### WHAT IS BEING ASKED
When you reach the line with "Una vetrina, due" in the listing below, write out that line and every one after it exactly, and skip the pictures.

### SOURCE DATA
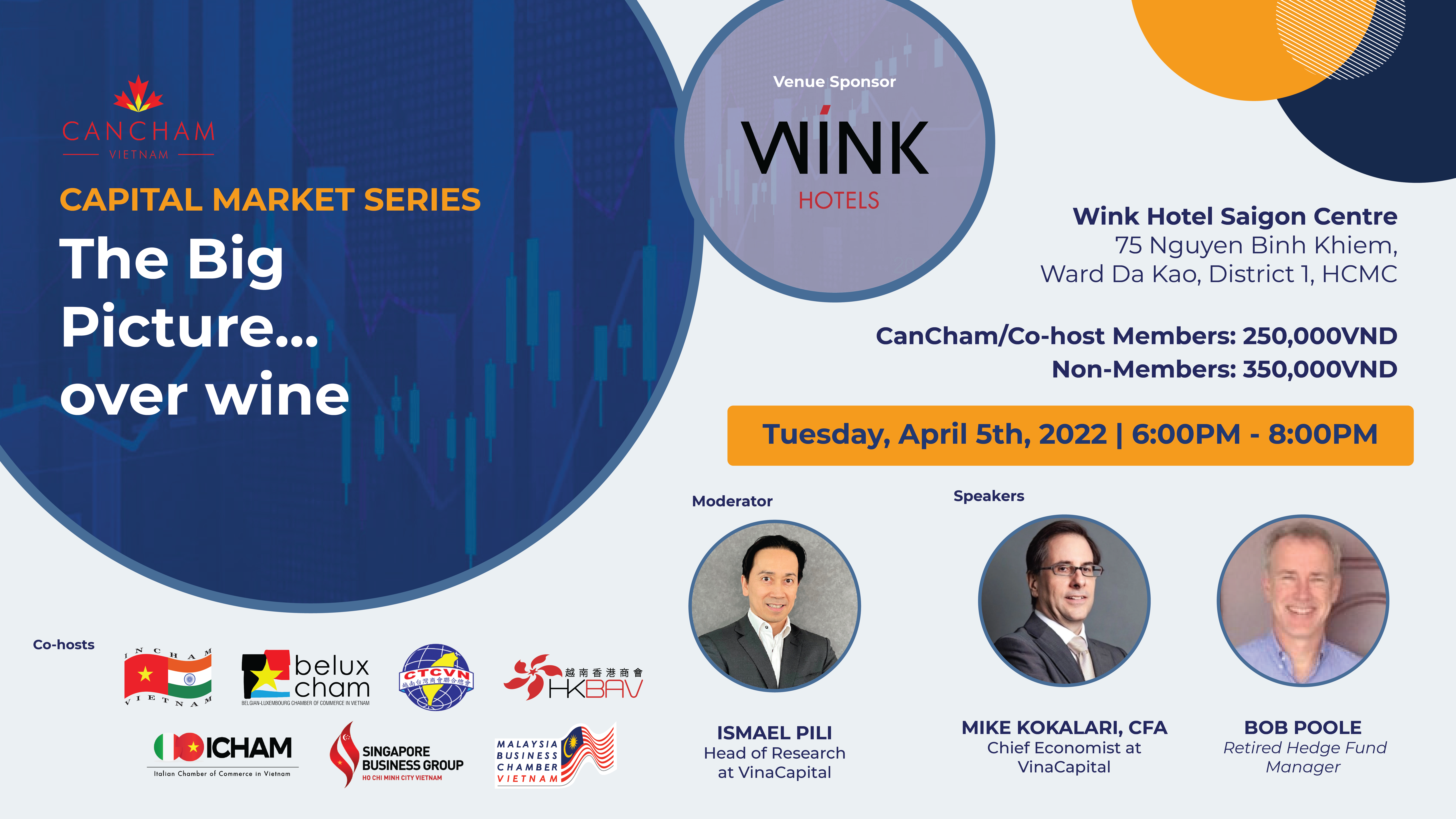 CanCham’s monthly Capital Markets Series covers different capital market topics each month. April’s event will have two leading experts discussing the macro & market situation in Vietnam. Please join us over a glass of wine (or two) at Wink Hotel Saigon, as our speakers share their insights, expectations, and predictions for Vietnam’s economy.
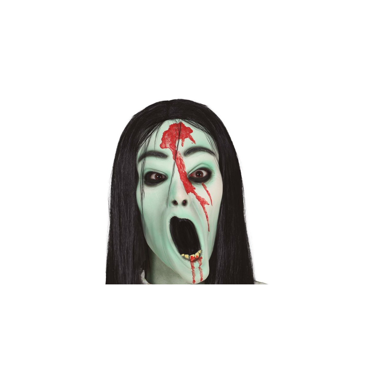 Descubre la Máscara Niña Fantasma con Pelo Látex y conviértete en la protagonista más aterradora de la noche. Un clásico del terror imposible de olvidar.
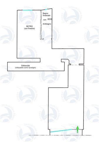 Una vetrina, due vani, bagno finestrato, ripostiglio.
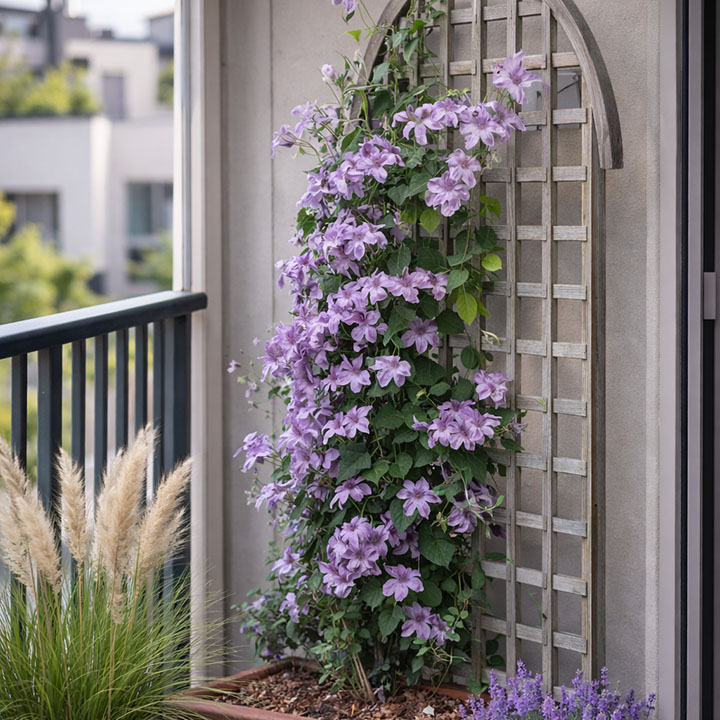 Clematis is ideal if you want a balcony trellis covered in flowers rather than dense foliage. Many varieties grow well in containers as long as the roots are kept cool and the vine gets sun. Choose compact forms for smaller balconies.

### RESPONSE AREA
 Una vetrina, due vani, bagno finestrato, ripostiglio.
 Clematis is ideal if you want a balcony trellis covered in flowers rather than dense foliage. Many varieties grow well in containers as long as the roots are kept cool and the vine gets sun. Choose compact forms for smaller balconies.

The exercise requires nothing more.